Hi aesterling, i updated the ocr / yolo code in my initial post, so v20210713 should be a lot better now. o man… I set out to add a few little things, and ended up re-writing the program multiple times this week to get it all to work just right. learned a lot! :slight_smile:

most important part of the retraining to improve the custom model accuracy will be to correct the incorrect results (either manual labeling, or editing the yolo files), as the ‘good’ results were already detected fine by the existing model, and probably wont improve it too much.

1 Like

Wow, what a great tool to process the dataset shallowstack!

Any chance you could help me do a version that is just normal object detection and not LPR? I’m guessing it’s a lot simpler. I would like to find and save objects, with some confidence limit, and then use the second script to manually sort the results. I’m struggling to understand how to omit all the LPR specific features without braking the code.

Sure, sounds like it shouldn’t be too difficult. I’ll have a look later, but from memory it should be pretty much the same, only instead of using the characters as the classes, your classes.txt will be replaced by your object labels. replacing this file with your desired labels will get you most of the way there i think. and note, the order matters (use your labeling order) and the txt file should look like the below with one item per line:
dog
person
car
(etc)

and of coarse change the directory variables to where ever works for your computer filesystem files.

you could also comment out the sections on overlapping characters, and the section where it limits the number of detections to 6 (or maybe just increase plate_len_threshold value to 100 or however many objects you want.

happy to help you get it going, lemme know whereever you get stuck or if you need me to write anything.
cheers!

I sorta got it working. I did minimal changes to the code, just added my classes and changed the min_len_thres to 0 and plate_len_threshold = 20 (i have at most 2 objects in one picture so far).

It seems to work fine, but the YOLO output ads a space at the end of each line. I’m not sure if it’s a problem for deepstack (havent tried it yet) but when i try to double-check and fix errors using labelImg it does not read the lines properly when they have the trailing space.

on line 106 i found:

data2write = str(ClassValue) + " " + str(xCenter) + " " + str(yCenter) + " " + str(xWidth) + " " + str(yWidth) + " "

I tried removing the last + " " (after str(xWidth)) but the space is still present in the output.

Summary

The python printout shows it:
COMPLETED : pic1.jpg *** ['myseconclass'] *** [361] *** [0.83] *** ['1 0.104818 0.811574 0.021615 0.062963 ']

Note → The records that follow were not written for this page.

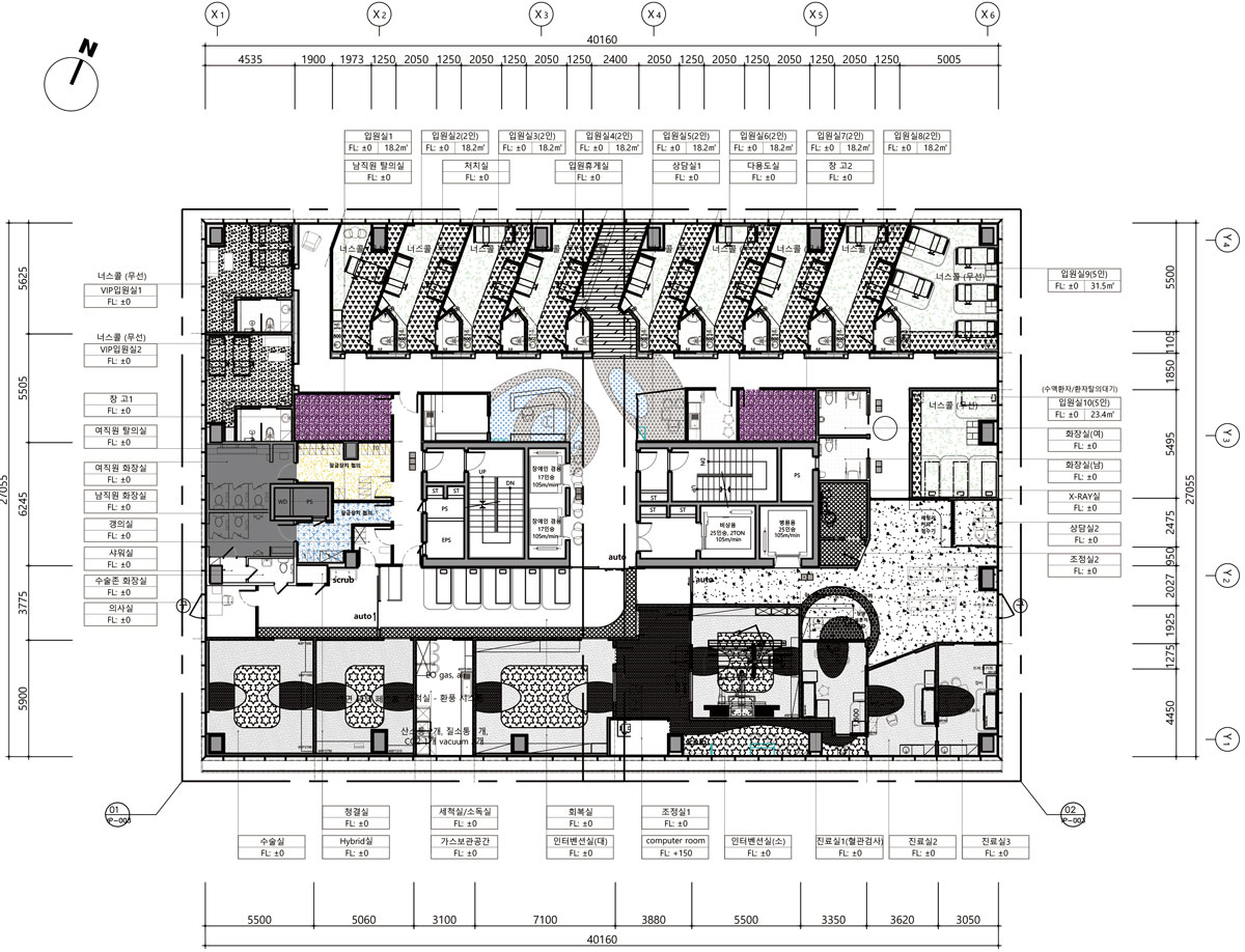 2층에선 창가의 휴식 공간 이외에도 노태린 앤 어소시에이츠 특유의 감성적이며 기능적인 디자인을 엿볼 수 있다. 공간별로 바닥의 컬러를 다르게 적용하고 개방성을 느낄 수 있도록 계획해 환자가 편안한 마음으로 공간을 찾기 쉽게 했다. 또 석고보드와 LED를 활용해 만든 천장의 장식은 마치 부드러운 구름을 보는 듯 기분까지 편안하게 만들어 준다. 전체적으로 원목의 자연스러운 색상을 살린 마감재를 적극적으로 활용해 대기 시간에도 지루 하거나 불편한 마음이 들지 않도록 배려했다. 벽돌과 콘크리트, 패턴 등 벽면에 사용된 다채로운 마감과 컬러, 독특한 조명이 차분한 공간에 유쾌하고 즐거운 분위기와 세련된 감성을 더한다. 특별히 디스플레이를 활용해 다양한 형상과 이미지를 전하는 대형 디스플레이 월은 밝고 활동적인 느낌을 주며 공간을 환하게 밝힌다.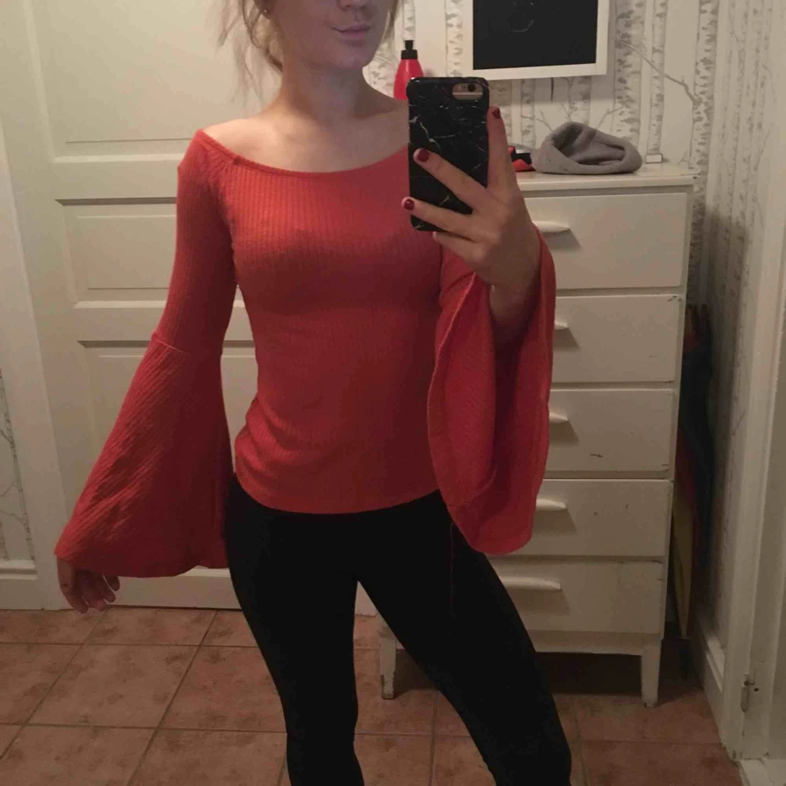 Lavaröd tröja med vida ärmar, sitter bra ner till höfterna. Tröjan är köpt på bikbok för 199 kr. Frakt igår inte i priser :)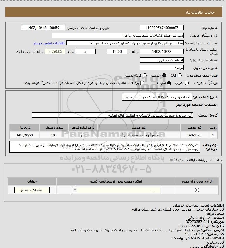 شرح کلی نیاز: احداث و بهسازی کانال آبیاری خرمازد با جدول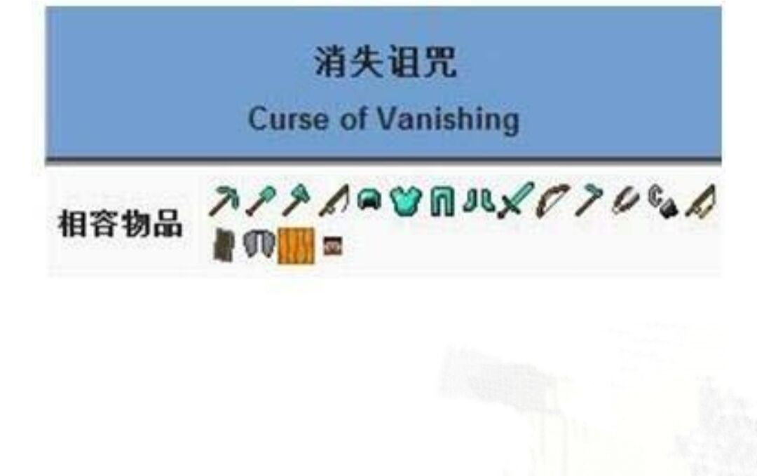 首頁 我的世界 問答 我的世界消失詛咒有什麼用? 2022-07-01 消失魔咒的作用:當玩家死亡時,物品欄中含有消失詛咒的物品會立即消失,而不會掉落在地上,有消失詛咒的物品可被丟掉。總結:玩家在游戲中無法通過附魔台來附消失詛咒,附有消失詛咒附魔物品,只能通過戰利品,去開寶箱獲得。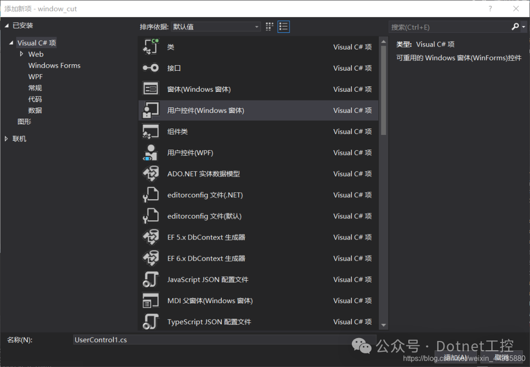 2、新建用于在主窗体中显示的子窗体,子窗体的新建其实是一个用户控件(Windows窗体),在这里我们可以在状态栏中右击选择—>添加—>用户控件(Windows窗体)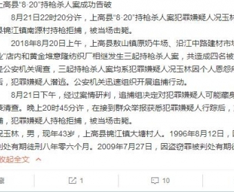 中新网8月22日电 据江西省宜春市上高县委宣传部官方微博“上高发布”消息:江西省宜春市上高县“8.20”持枪杀人案成功告破。犯下三起持枪杀人案,造成四名被害人身亡的犯罪嫌疑人况玉林于8月21日晚在上高县锦江镇南源村持枪拒捕,被当场击毙。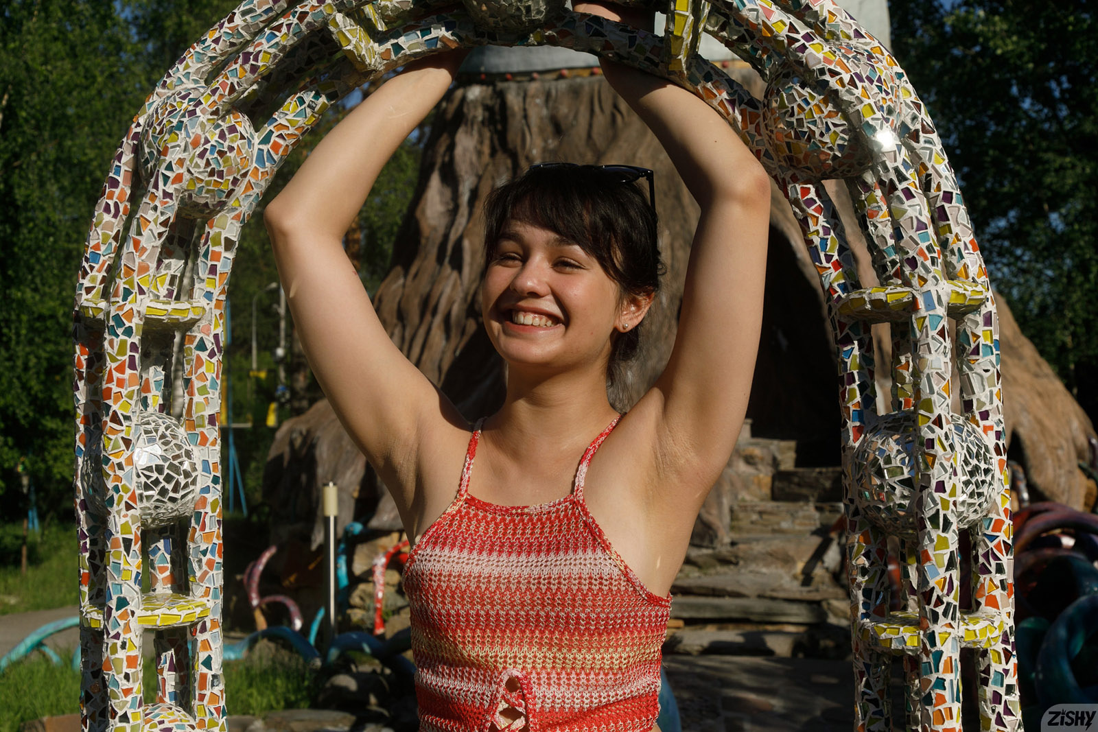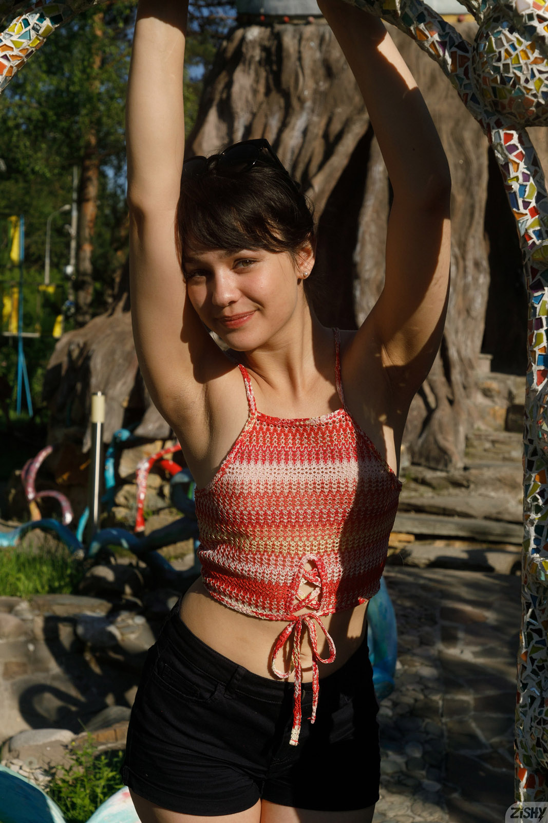 Bessi Niurba visits the museum of bullshit and has fun pulling down her shorts to flash her red thong on Zishy.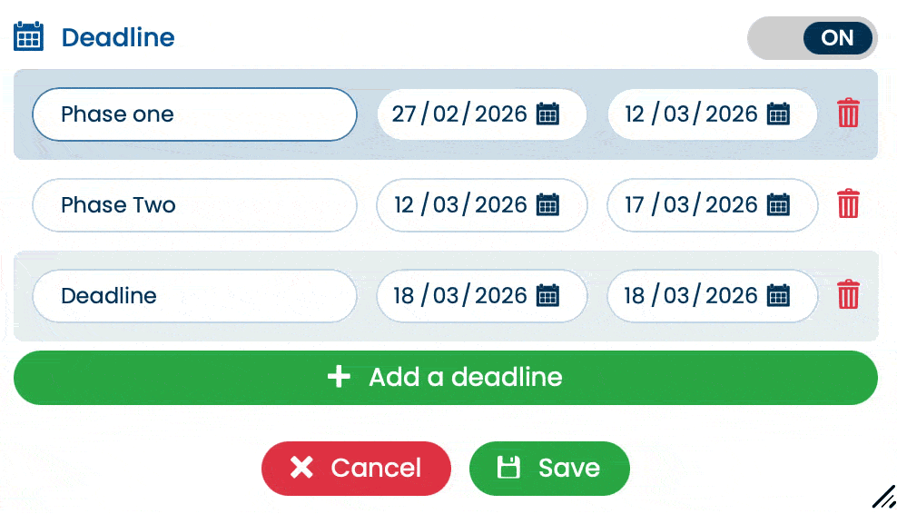 You can add multiple phases to a project using the “+ Add a deadline” button. Each phase corresponds to a key step (e.g. quote, production, client approval…).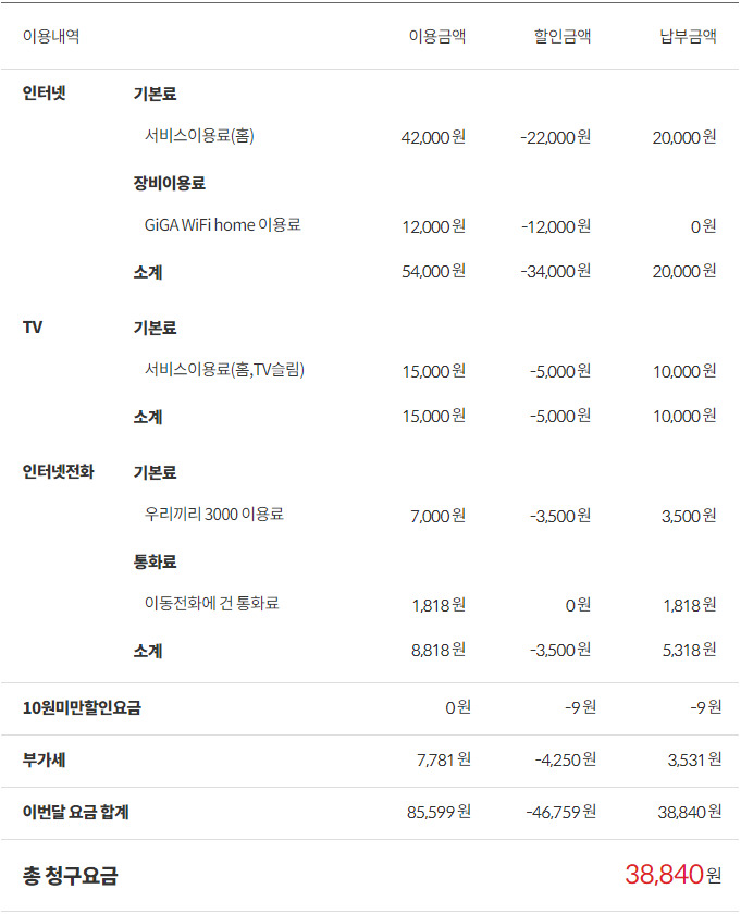◼ 월요금은 40,900원이 됩니다.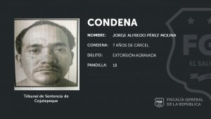 El incriminado se sometió a un proceso abreviado por el cual recibió una condena de 7 años de prisión por el delito de Extorsión Agravada, que le fueron impuestos por el Juzgado de Sentencia de Cojutepeque.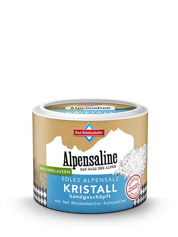 Touha po přírodě je na rtech každého, ale přeskočme jen toto přání: S naším vzácným alpským solným krystalem máte čistou přírodu přímo v ústech! Bez separačních prostředků a bez přísad. U tohoto vyrobeného produktu je spousta manuální práce a vášně: Náš kuchař připravuje jemné krystaly soli, které se tvoří, když se na vařící pánvi ohřívá čistý přírodní solanka. Přírodní alpská sůl sušená na vzduchu si skutečně získala laskavou přezdívku „bavorská Fleur de Sel“!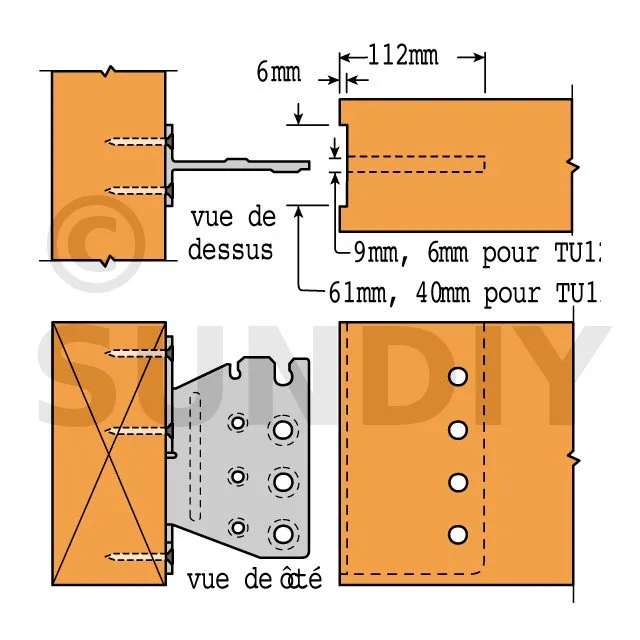 1- Réaliser une entaille verticale dans la poutre portée (largeur 6 mm pour le TUS12 et largeur 9 mm pour les TUS16 à TUS28),

The same thing in the logfile:

pic1.jpg
[‘myseconclass’]
[361]
[0.83]
['1 0.104818 0.811574 0.021615 0.062963 ']

Any ideas on where it is added and how to get rid of it?

EDIT:
Well, the space is now gone, I’m sure it was line 106 but i was editing a copy, and not the code I actually ran, rookie mistake!
The script now works as expected and it helps A LOT to prepare new pictures for training. Now it’s about trimming in the minimum confidence value.
Once again, thank you for this piece of code.

I tried the second script to sort the output, but it was super slow to create and display the annotated images. I’m gonna stick to opening the folder in labelImg where i can edit and manually add objects if needed.

1 Like

Awesome!
I just remembered, I was running these scripts on pre-cropped images (should be another cropping script out there), which is maybe why they weren’t too slow to QC the outputs using the PIL method i used. but it was still a bit quirky, so labellmg will probably be much better! is your plan to correct bad ones on-the-spot as you go through the files in labellmg?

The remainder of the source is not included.